Why did they decide that the time right to bring the thunder? Well, for one thing there were millions of websites out there brazenly stealing other people’s hard-written, exceptionally-original content, posting it as their own, and reaping all the search (and monetary) benefits. When a hard stop was put to all of those shenanigans, those type of websites dropped off in droves, and the Internet was a cleaner and more honest place.
Google giveth and Google taketh away.
What Can You Do? If that sounds like you, or what you’re planning to do, STOP. Write your own unique content. Show your customers that you have a human voice and show up in search when you are relevant to a searcher’s interest. Alternatively, if you just don’t have the time, talent, or energy (completely understandable), hire someone who does!
Ultimately, you need to get your message out into the world – a message that is truly your own. Presenting your business honestly and thoroughly offers not only higher search rankings but also better customer experience and, eventually, sales.
The use of images online – especially when promoting your business – is a delicate process. If done wrong, it can often become a prickly situation that can shut you down before your site is even up.

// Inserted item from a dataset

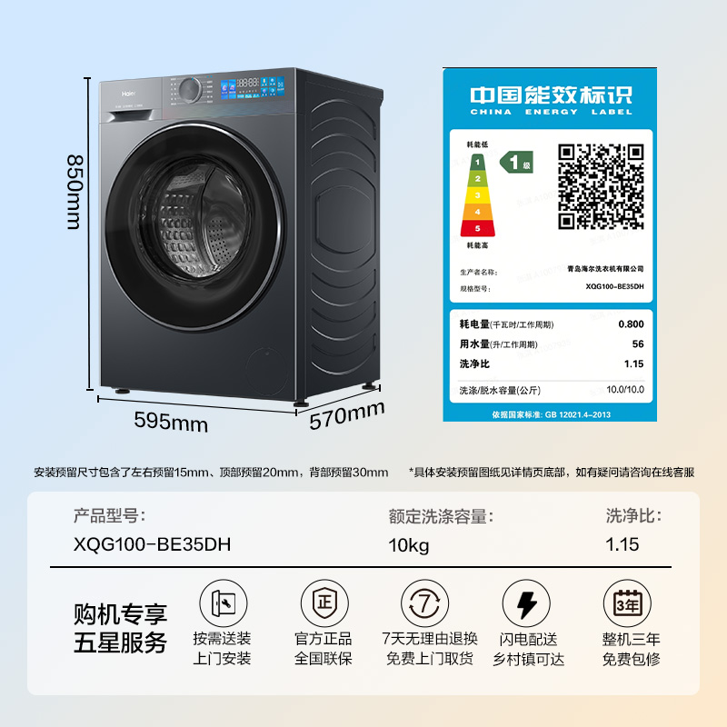 海尔滚筒洗衣机家用全自动10公斤直驱变频官方旗舰77E 云溪4.0

In some cases, it can cost you THOUSANDS of dollars in fines and lawyer’s fees because you could get sued.
That’s right, SUED.
What infringers don’t understand is that copyright laws are in place for a reason. In the United States Constitution, it says these laws exist to “promote the progress of science and useful arts, by securing for limited times to authors and inventors the exclusive right to their respective writings and discoveries.”
This means that if you take an image from Google, Pinterest, Tumblr, or another resource, use it anywhere on your website or your blog, and it is copyrighted, you’re running a serious risk of being completely ruined.
What Can You Do? Take your own photos. Chances are, you have a smartphone that you bring with you to every customer interaction or job site. Snap a few quick pics of your handiwork and your team, and add some credibility to your site by using original, fantastic photos that are all your own.
Barring that, find legal sources for your images. Make use of sites websites like ShutterStock and pay small amounts for stock photos, or try sites like Creative Commons or Wikipedia Commons. This will save you more than just money (it also saves time and heartache) in the long run. They will save you long before you do something you’ll regret.
Even video – a relatively new medium in digital marketing – is not immune to the ways of Internet pirates. There are cases where videos have been used and shared illegally and their owners – not happy about it – have taken swift and decisive action. No using someone else’s hard work for your commercial benefit, and no copying someone else’s video and posting it to your own channel. Today, YouTube shuts down anyone using copyrighted materials and removes the video from the system, rendering it useless to anyone for that point on.
What Can I Do? Having a video production team on standby isn’t on every business owner’s to-do list. Neither is setting up the tripod and the GoPro to film a product in action. To make successful promotional videos, talk to a professional! Many marketing companies out there offer affordable, high-quality video production services, and can create an original 30-60 second video, with music, for you with ease.
The moral of the story is: be original. Be you. If you can’t create the content you want, there are others out there who will help at a price you can afford.
If not, you can be sure that customers will recognize when your “spectacular” content has been taken from somewhere else, and they may respond by opting for other companies that aren’t afraid to do their own, original thing.